2016 Polymetal production results

Dias KabyltayevJanuary 30, 2017

For the fifth year in a row Polymetal meets its annual production target (1230 Koz). Production for the year remained virtually unchanged, amounting to 1.27 billion ounces. Such neutral results are resulted from the normalization of the silver in the ore at Dukat. At the same time revenues increased by 3% y/y to $1.583 billion, offsetting the neutral operating results due to higher prices for precious metals in the second half of 2016. 

For the fifth year in a row Polymetal meets its annual production target (1230 Koz). Production for the year remained virtually unchanged, amounting to 1.27 billion ounces. Such neutral results are resulted from the normalization of the silver in the ore at Dukat. At the same time revenues increased by 3% y/y to $1.583 billion, offsetting the neutral operating results due to higher prices for precious metals in the second half of 2016.

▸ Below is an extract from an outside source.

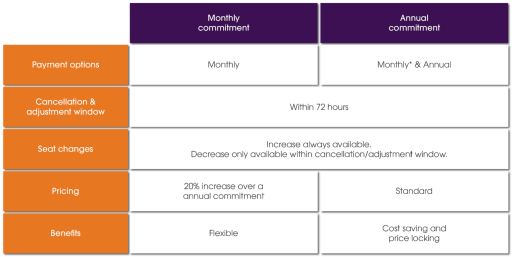 An annual commitment for a period of 12 months at a fixed price, paid monthly or annually upfront (subject to credit checks).

Gold production amounted to 890 Koz, which is 3% higher y/y, while the silver production amounted to 29.2 Moz, down 9% y/y. Excellent results of Albazino-Amur, Varvara and Okhotsk enterprises and the contribution of new projects, Svetly (Okhotsk hub), Komarovsky (Varvara) and Kapan contributed to the successful completion of the year. 

Fig.1. Production in 2016      
Gold equivalent (Koz) 2016 2015 y/y
Ducat      369        393   -6%
Albazino-Amursk      244        220   11%
Mayskoye      116        138   -16%
Omolon      170        188   -10%
Voro      129        141   -9%
Varvara        85          72   18%
Okhotsk      131        114   15%
Kapan        26          -     100%
Total    1 270      1 266   0%
Source: Company data      

At Kyzyl project, the main growth project, the Company plans to double ore extraction in 2017. According to the Management, development of the project is progressing in line with the schedule. Commissioning of the project is expected in the second half of 2018. According to our forecasts, the Kyzyl’s contribution to the total Company’s production by the end of 2019 would be approximately 316 Koz, or 18%.

In 2016, the Company received a significant free cash flow before acquisitions ($250 million), and paid a special dividend of $64 million ($0.15 per share). Thus, in 2016 the total amount of declared and paid dividends was equal to $158 million ($0.37 per share). The Company plans to pay final dividends for 2016 in accordance with the approved dividend policy.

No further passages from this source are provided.